Вечером, когда зажгли огни, все мы собрались в зале около рояля. Люба не была музыкантшей, но играла очень мило и с душою. Инна Юрьевна пробыла недолго в нашем обществе. Прослушав в мечтательной позе вальс из «Фауста» да полонез Шопена, она глубоко-глубоко вздохнула и удалилась. По ее словам, она и устала ужасно, и хотелось ей на сон грядущий прочитать «прелюбопытную статью» в английском «Атенее»{36}… А музыкальный вечер продолжался и после нее. У Лебедкина оказался недурной баритон. Сначала пропел он под аккомпанемент Любы «О поле, поле», а потом, сев на ее место и довольно неуклюже обращаясь с клавиатурой, скорее проговорил каким-то трагическим речитативом, нежели пропел: «Есть на Волге утес»… Для Любы пьеса эта была новостью, и прослушала она ее с глубоким вниманием, а прослушав, только и сказала, что она помнит ее, что это было в журнале, но что она не подозревала за ней такой трагической силы… В ответ на это Лебедкин объявил, что есть пьесы, обладающие и еще большим трагизмом, и тут же пропел некоторые из этих пьес. Люба, выслушав пение, печально поникла головкой и как бы застыла в грустном раздумье, но затем, гордо выпрямивши тонкий и гибкий стан свой, подошла к роялю и смело и быстро взяла торжественный аккорд.

Вперед, без страха и сомненья!..

произнесла она своим нервным и странно звенящим при напряжении голоском и, ласково оборачиваясь к Лебедкину, сказала: «Не правда ли?» Лебедкин ответил ей светлой улыбкой и даже с пафосом воскликнул:

Смелей! Дадим друг другу руки…{37}

но как будто вспомнив что-то, внезапно сделался мрачен и замолк.

Марк Николаевич преспокойно спал в своем кресле, сладко посвистывая и похрапывая. Около полуночи ушел и я в свою комнату. А молодые люди, оставив в зале спящего Марка Николаевича и горящие свечи на рояле, ушли в сад, над которым висела белая теплая ночь.

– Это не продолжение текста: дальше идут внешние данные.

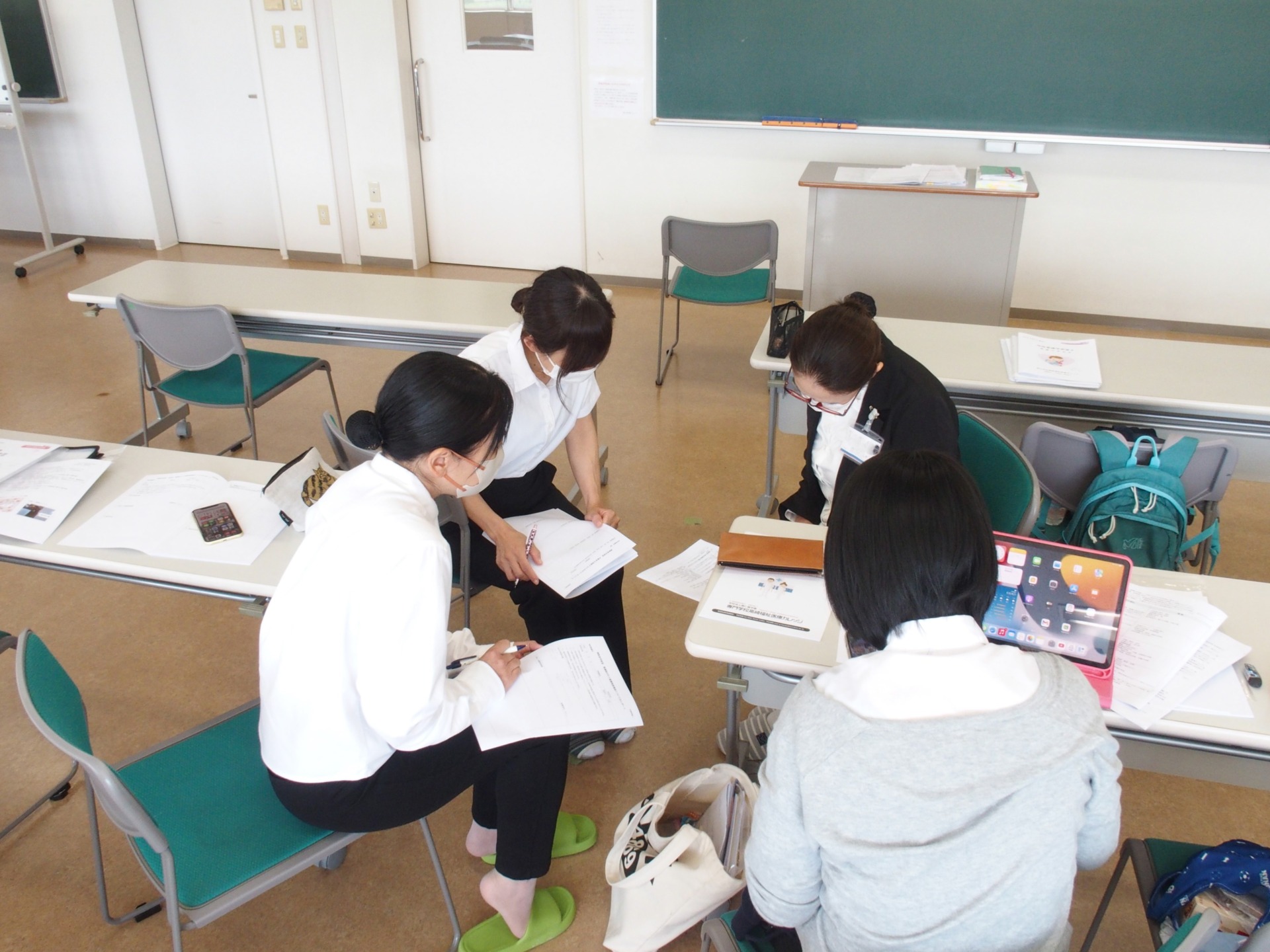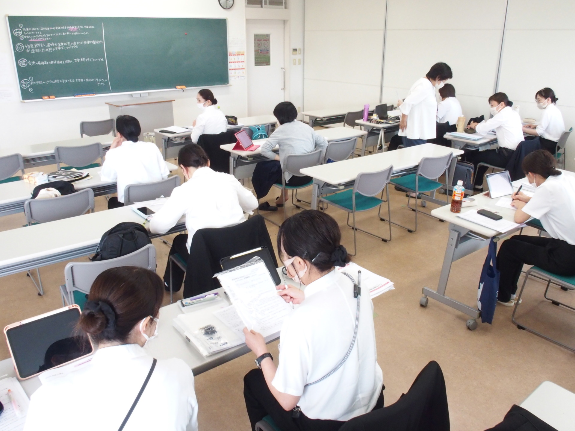 本日、高崎高松町キャンパスにて1年生に対する「母性看護学実習前B日程スクーリング」を行いました。14名の学生が出席。実習前スクーリングでは、①実習施設のオリエンテーション、②実習目標の立案、③領域の事前学習が主な授業内容となります。グループ分かれて、それぞれ実習目標を学生同士で話し合いな立案しておりました。また、事前学習は与えられて課題を、教科書を参考しにしながら学習しておりました。
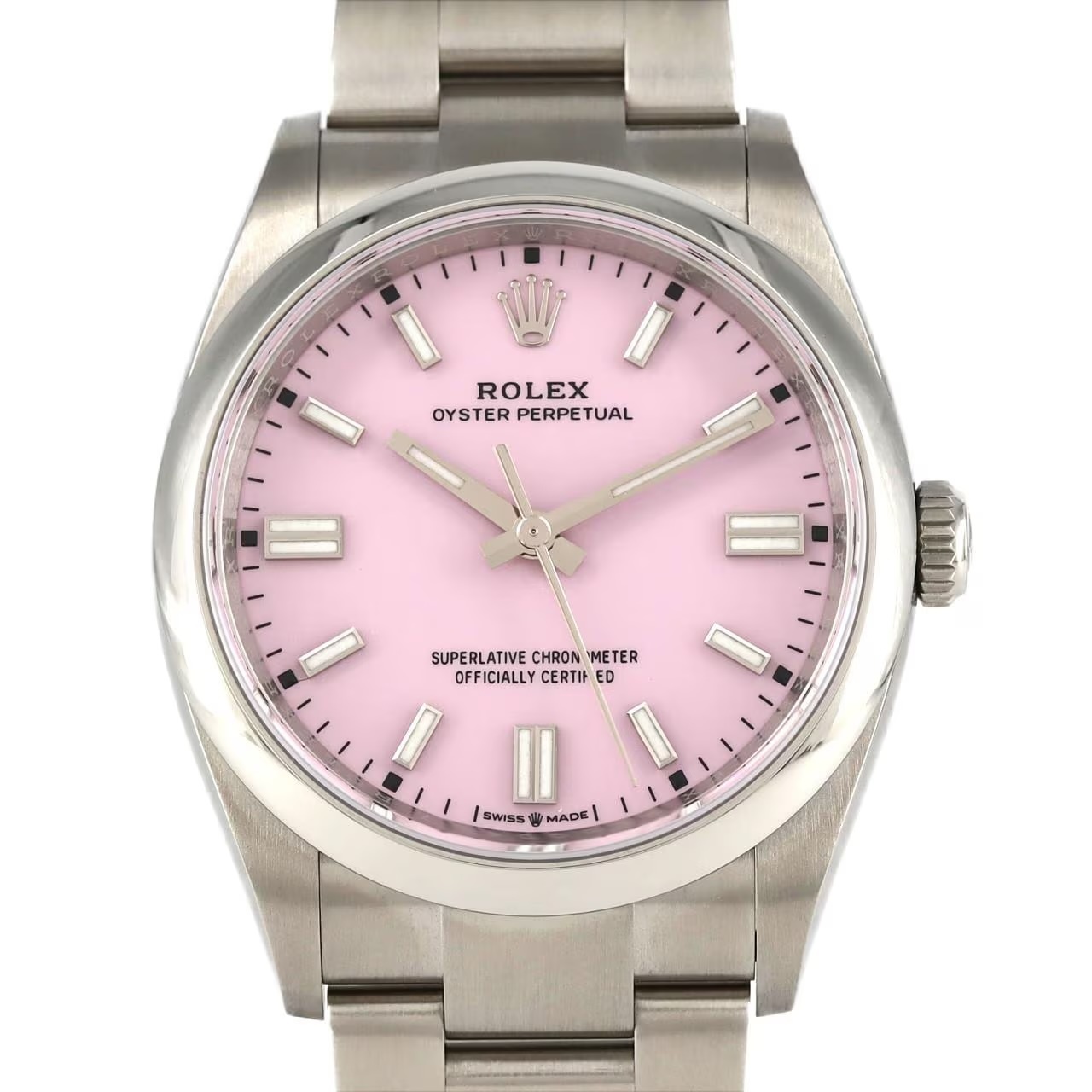 ロレックスを代表するスタンダードモデル「パーペチュアル」と、防水性のある「オイスターケース」を組み合わせたモデルが「オイスター パーペチュアル」です。日付表示を持たないため「ノンデイト」とも呼ばれ、すっきりとした文字盤デザインが特徴です。
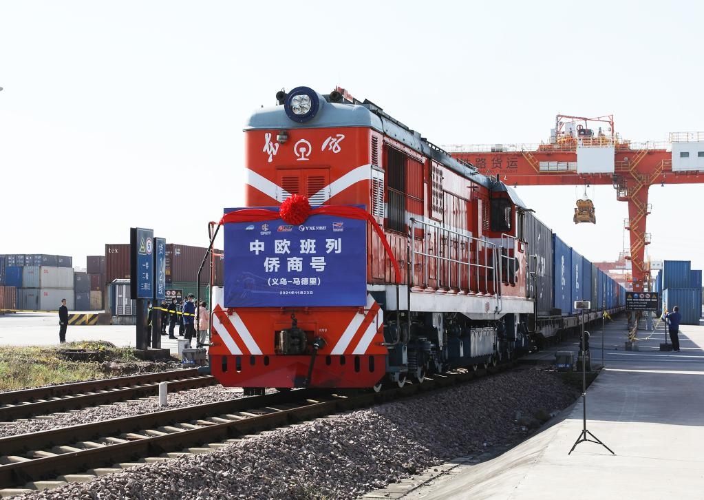 2021年11月23日,滿載著100個標(biāo)箱的“僑商號”中歐(義新歐)班列從鐵路義烏西站出發(fā),駛向西班牙首都馬德里。
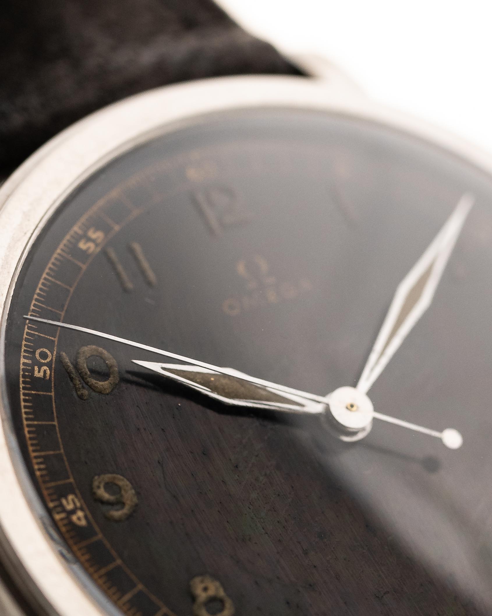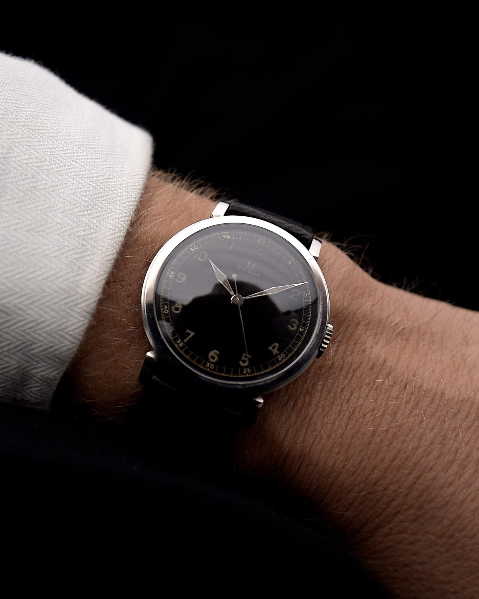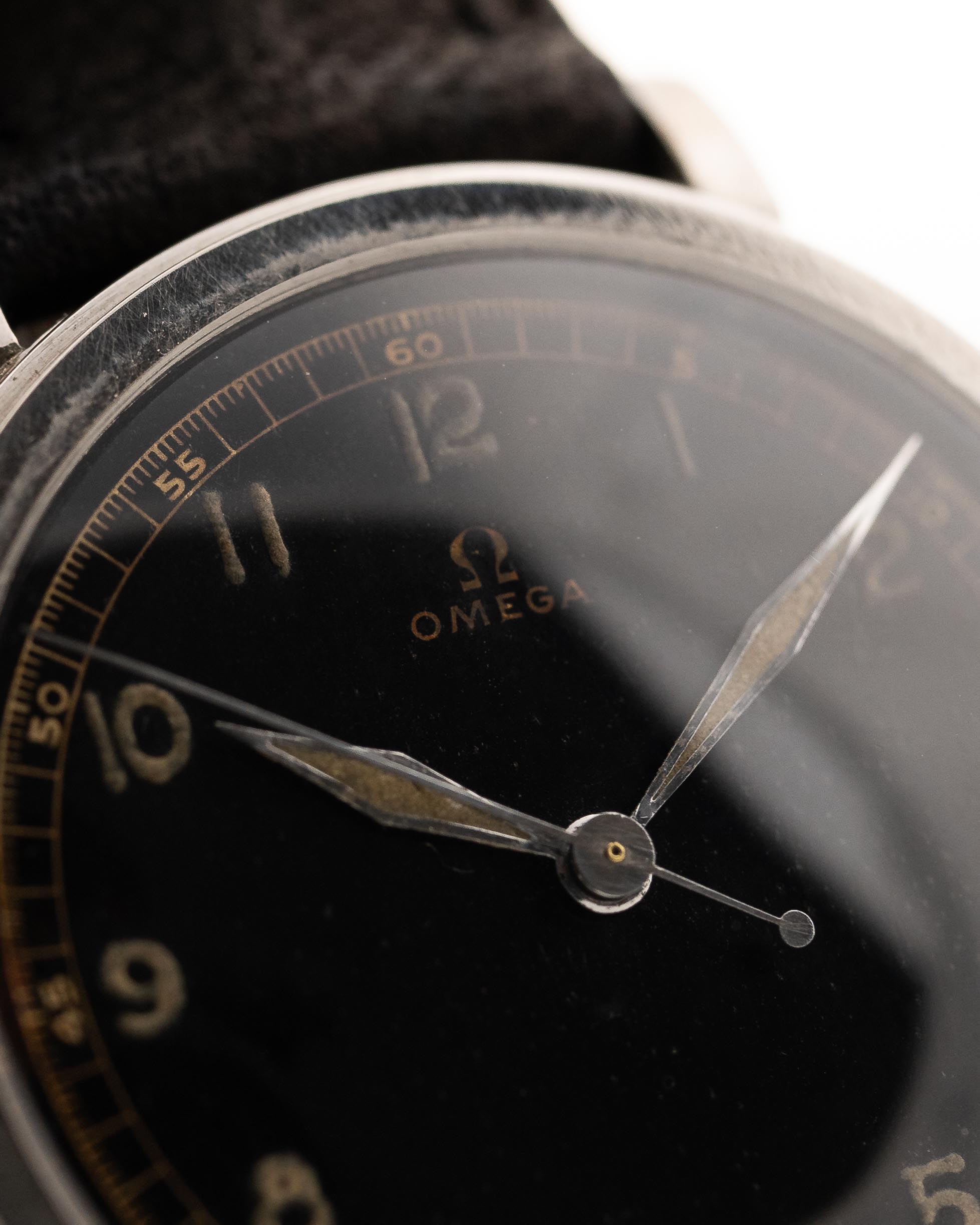Es ist schwierig, eine Omega aus den 30er Jahren in gutem Zustand zu finden, aber eine mit einem schönen glänzenden schwarzen Zifferblatt mit arabischen Ziffern und passenden Schwertzeigern und einer schönen Patina auf der Radiumlume zu finden, ist fast unmöglich.
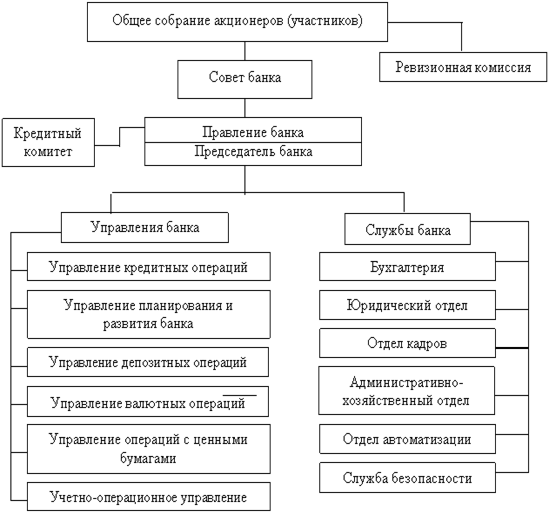 Организационная структура банка включает функциональные подразделения и службы банка, каждая из которых имеет определенные права и обязанности.
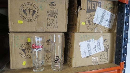 Four boxes of Carling Black Label pint glasses and Coors Light glasses
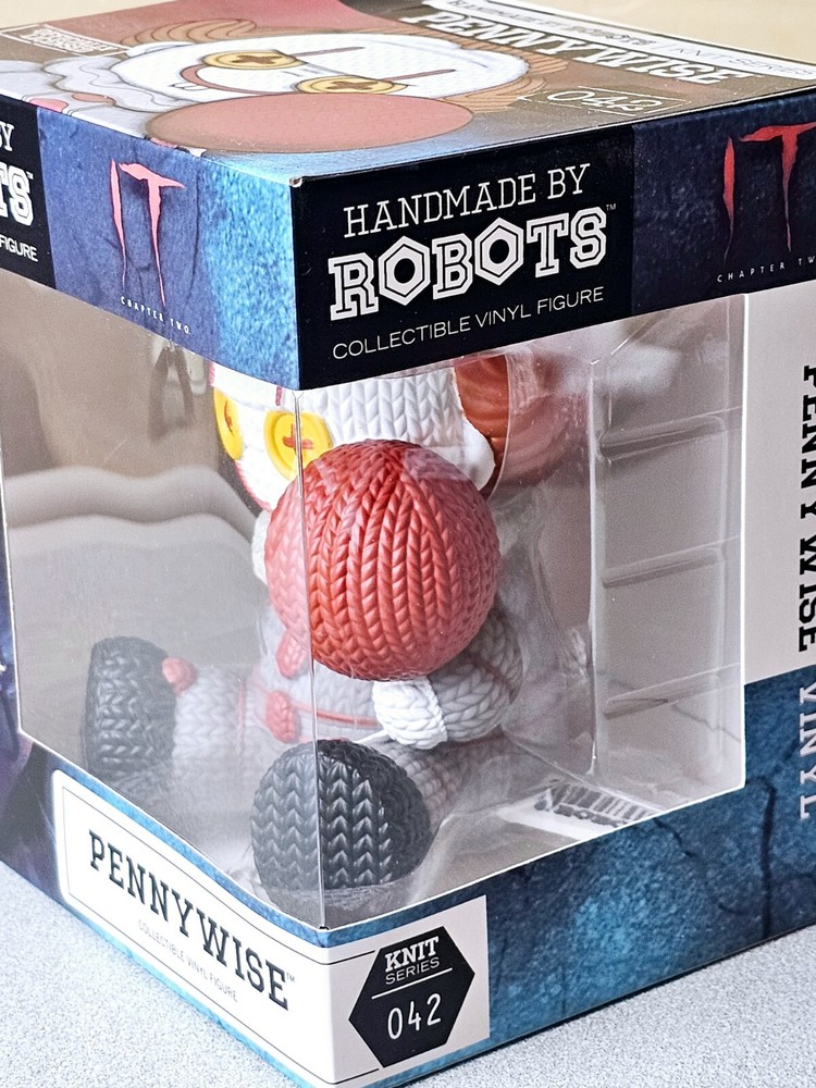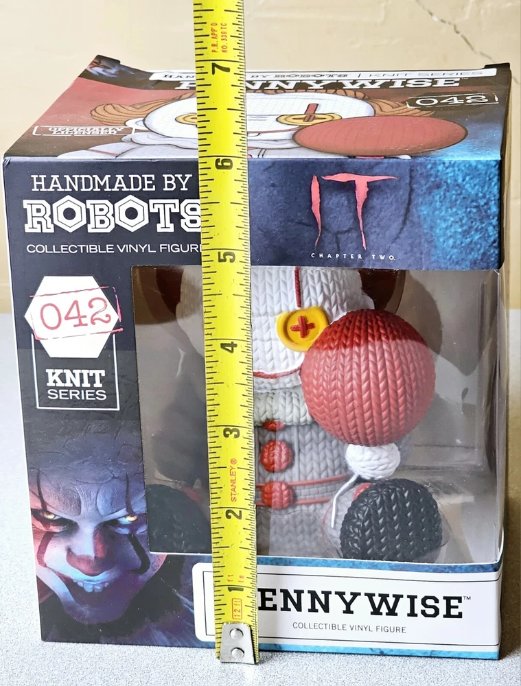 Box shows usual shelfwear , please review pictures before purchasing to better understand the condition of the item. Add Pennywise the Dancing Clown to your collection with this Handmade By Robots IT Chapter Two vinyl figurine. This multicolor full-size figure stands at 5 inches tall and features intricate details that are true to the character's design in the movie "It Chapter Two". The figure comes in its original packaging, which is unopened for added authenticity. This exclusive Made by Robots figure is part of the Knit Series and has the box number 042. It is made of high-quality vinyl material and is suitable for ages 14 and up. The figure is a must-have for any fan of the "It" franchise and is a great addition to any collectible figures and bobbleheads collection.
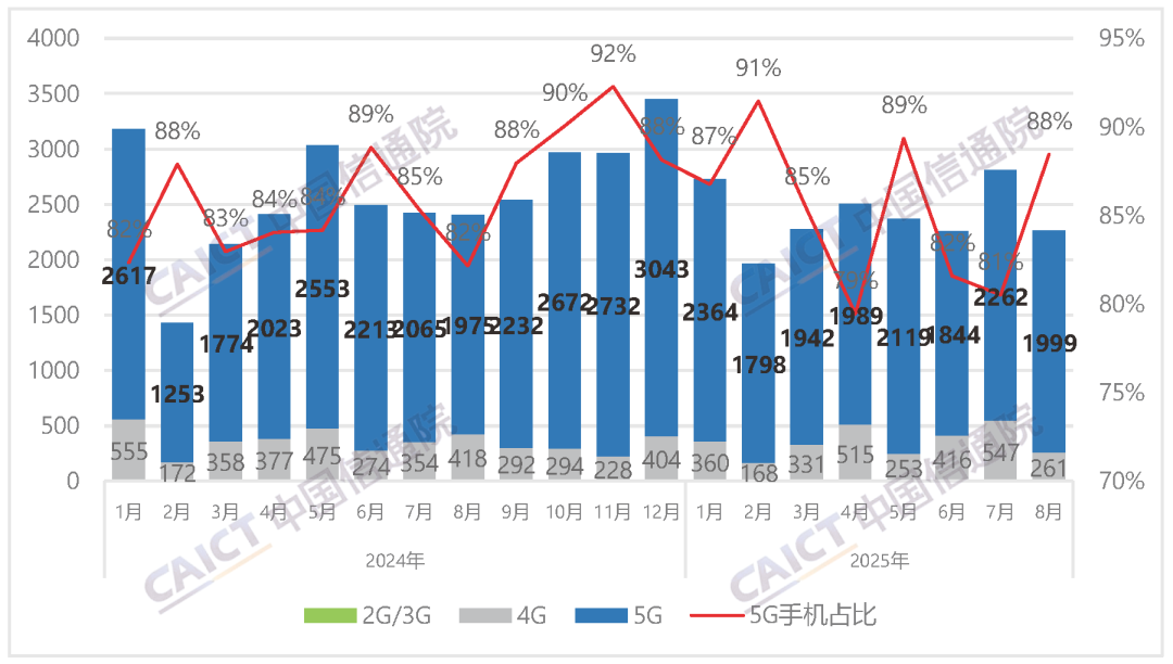 中国信通院近日发布了2025年8月国内手机市场运行分析报告,数据显示,当月国内市场手机出货量达到2260.3万部,同比下降6.0%。其中,5G手机出货量1999.2万部,同比增长1.2%,占同期手机出货量的88.4%。
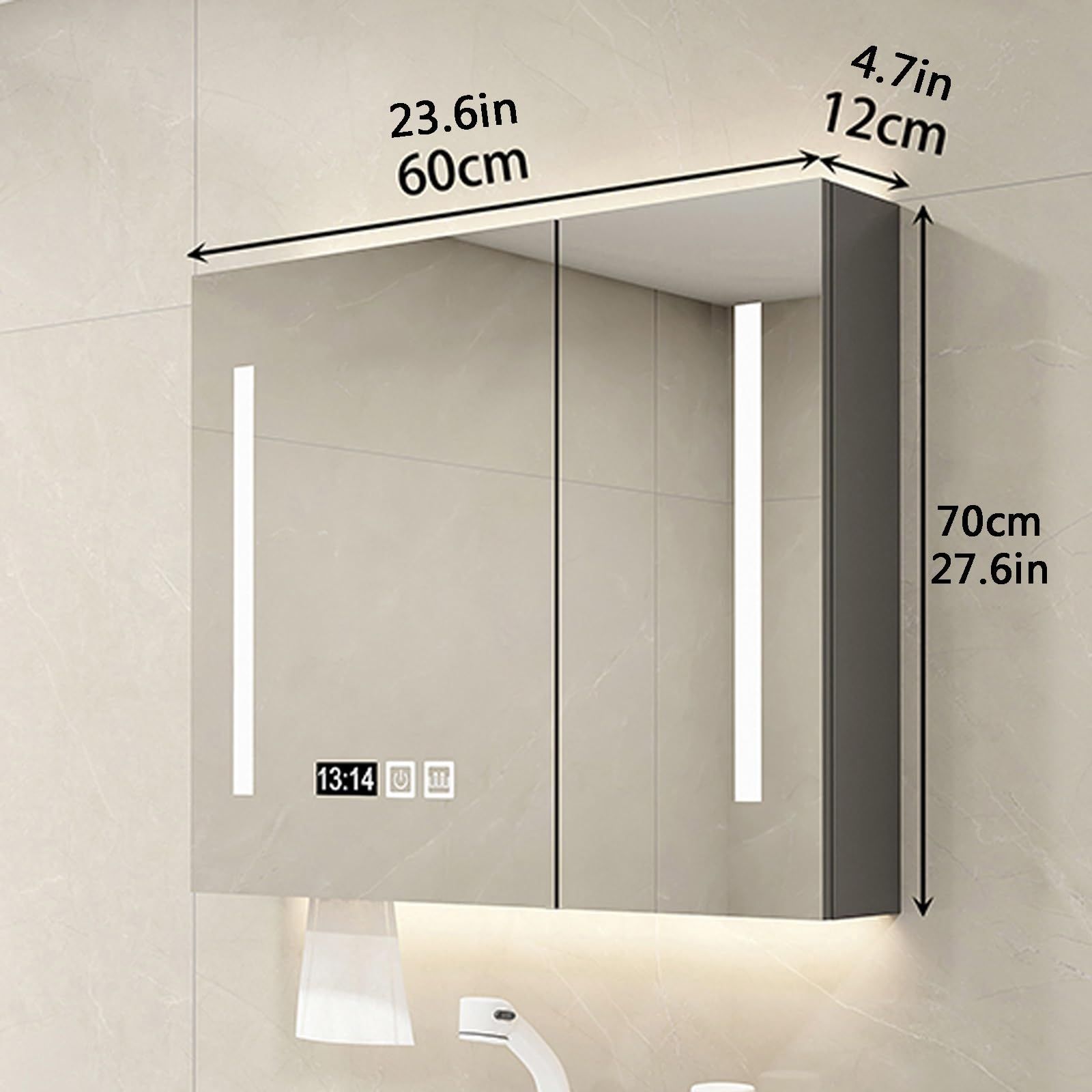 Gray Color 木製LED照明付き Size ミラーキャビネットミラーキャビネット ミラーキャビネット曇り止め浴室の壁のキャビネット洗面所 曇り止め洗面化粧台 ミラー 浴室 70 12 cm 27 6 4 7 in 鏡スマート調光
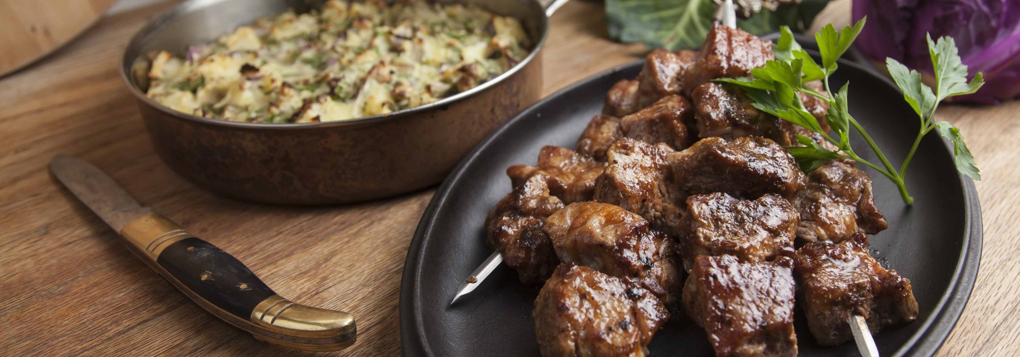 Mens kartoflerne er i ovnen, brunes kødet af på en varm pande med lidt olivenolie. Fordel derefter ternene på fire spyd. Pensl kødet med resten af marinaden. Spyddene steges færdig i ovnen i ca. 10 minutter. Servér spyddene straks sammen med de varme, knuste kartofler.

Эта ночь не походила на вчерашнюю, но она была хороша… Небо теперь не было ясно, и деревья не давали резкой тени. Свет луны, проникая сквозь тонкие белые облака, ровным пологом покрывавшие небосклон, озарял землю не фосфорическим голубым блеском, а мягким молочным сиянием. Какое-то нежное и едва уловимое трепетание теней в саду, какие-то смутные переливы света и слабое мерцание лоснящихся листьев на деревьях придавали всей окрестности вид тихий и мечтательный. Но в этой тишине и в этой мечтательности было что-то раздражающее… Веяние какой-то тоскливой и душной страстности, казалось, тонкой, неуловимой отравой носилось в теплом, резко благоухающем воздухе…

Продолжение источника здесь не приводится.